Biomarkers and the price of innovation in rare diseases
Let’s talk about biomarkers. Biomarkers are molecules found in the body, usually identified in the bloodstream or urine, that are the telltale traces of internal processes unfolding deep in our organs and cells. Different levels of these usually harmless byproducts can be used to flag up occasions when a patients symptoms may be something worth investigating, or alternatively rule out a given condition. Classic examples are human chorionic gonadotrophin (HCG), which is the biomarker measured in pregnancy tests, or blood glucose, which can indicate diabetes.
A couple of years ago, an American teenager called Jack Andraka won a major youth science prize by developing a blood test for a pancreatic cancer biomarker he had identified, mesothelin. Although, to my knowledge, the story hasn’t really moved on since then, it has recently started cropping up all over my newsfeeds. While it is an exceptional piece of work for any teenager to be doing, there are a couple of reasons to be cautious in our enthusiasm.
In cancer, where specific cell types multiply and overactivate, we can see that some of the biomarkers associated with processes carried out by those particular cells are produced at much higher levels than normal. The problem, then, is that healthy people also produce these markers in varying levels. The presence of a biomarker doesn’t, by itself, indicate anything at all. To overcome this, tests only appear as positive if a certain, abnormal level is measured, indicated by the reference range, the range of levels that commonly occur in a healthy population.

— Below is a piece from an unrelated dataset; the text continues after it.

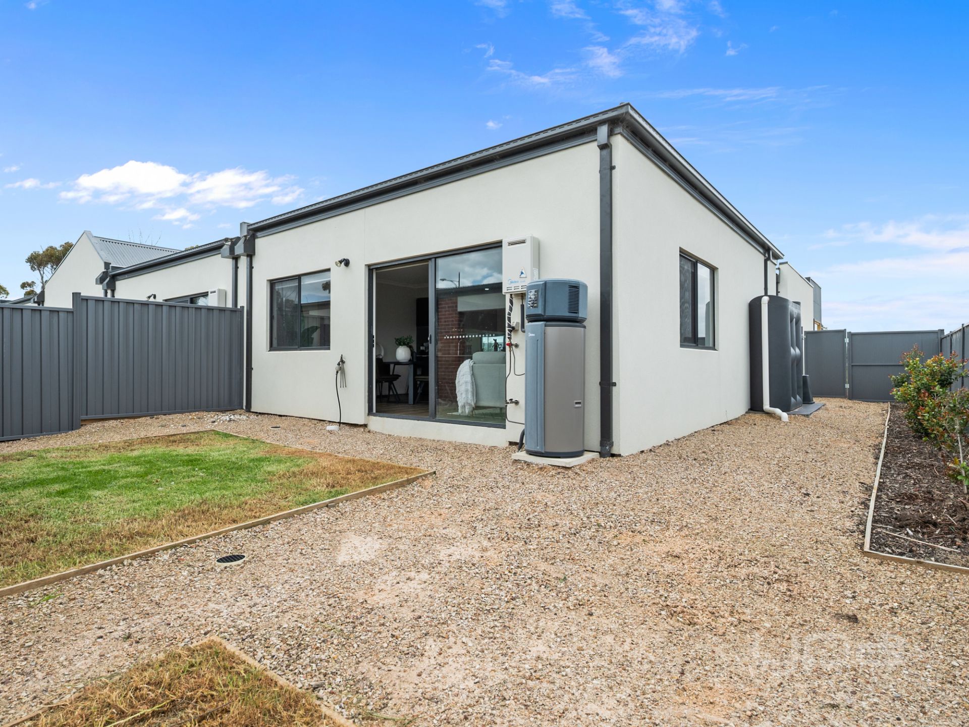 Down the hall, you are met with the remaining two bedrooms which both feature built-in-robes and are accompanied by a joined feature courtyard, which again, not only welcomes an abundance of natural light to the bedrooms and hallway, but also acts as the perfect little outdoor seating area for those morning coffees or a perfect canvas for a greenhouse type setup. It's a subtle touch that adds lots of character to the modern home. Both these bedrooms are serviced by a bright central bathroom that carries the same upgraded features as the ensuite.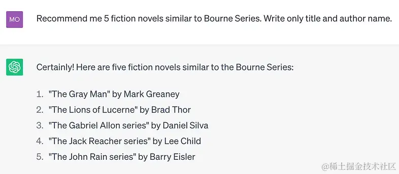 “Recommend me 5 fiction novels similar to the Bourne Series. Write only the title and author name.”

Mesothelin, as any quick Google search will tell you, is a biomarker for a large number of cancers, including pancreatic. It can also be found at elevated levels in healthy people. So far, Jack appears to have done a proof of concept study - his technology is capable of detecting accurately the presence and absence of mesothelin in blood samples from mice, and it seems to extend as far as being able to detect the excess found in mice with pancreatic tumours. However, there are a couple of challenges, particularly in the case of pancreatic cancer, that seriously limit the likelihood of this technology ever being used for screening or early detection; the stated goal.
One of these is that the evidence just isn’t there yet. Forbes has a good article on what evidence is missing, and also breaks down some of the claims surrounding cost and time savings.
But say this test does turn out to be as sensitive as promised, even in real people? The problem is that sensitivity is only half the challenge. The greater challenge in rare diseases like pancreatic cancer is specificity - how well the test detects the absence of disease. The aim is for this test to detect people before they become symptomatic, but people could have elevated mesothelin levels in their urine for any number of reasons including reduced kidney function, which controls which molecules even make it into the urine. Previous studies evaluating mesothelin have found that it is elevated in pancreatic cancer, benign pancreatic tumours, ovarian cancer and mesothelioma - those are all bad, so maybe that’s ok. More concerningly, at least one study has found overlapping levels in serum between subjects who are healthy and those who have pancreatic cancer.
So it’s probably reasonable to assume that this test won’t be perfectly specific. Let’s assume that for every 100 healthy people, the test wrongly assumes two of them have cancer. In 2012, 8900 new pancreatic cancer cases were diagnosed, and 96% are in the over-50s. If we screen everyone, taking the crude rate of 13.8 cases per 100,000, and apply it to the adult population of the UK of around 51 million, then we will detect around 7000 cases of cancer, assuming sensitivity is perfect and we catch everyone. However, from the remaining 50,993,000, we also end up with 1,019,860 false positives - healthy people who have elevated mesothelin levels for any number of other reasons, the majority of which are highly likely to be entirely harmless.
Even if people would rather take the risk of a false positive, with the associated stress, imaging and potentially even surgery, which of course carries its own risks, then the pressure on hospitals and oncology units of trying to identify who is actually sick would be catastrophic. It isn’t much of a stretch to think that the 1 patient in every 145 who is actually sick might be missed in the follow up, eliminating the value of the exercise entirely.
So this, then, is the challenge with trying to screen for cancers using biomarkers, and why screening is in fact becoming less common, not more. Perhaps the most worrying aspect of this development is the fact that Jack is reportedly hoping to launch an over-the-counter test, meaning that people would be able to show up to their doctor’s office with what looks like a positive test result for pancreatic cancer. What does the doctor do in that situation? The best case scenario is they triage based on likelihood, maybe suggest monitoring, or further investigation if the symptoms match up, with all the associated cost and burden on the system, in order to identify that rare patient who is actually ill. The worst case is that the patient believes, probably incorrectly, that they have pancreatic cancer. How do you live with that news, and what is the cost to that person’s mental health of having to live with that diagnosis, even if it is wrong? How does a doctor attempt to reassure someone, and minimise the number of invasive procedures carried out, each of which has a real risk of doing harm?
Innovation is a brilliant thing, and Jack Andraka is clearly a highly intelligent, driven person of the type that is likely to do a lot of good in the world. I absolutely applaud him. But I find the idea of an over-the-counter test for pancreatic cancer using a single biomarker genuinely frightening.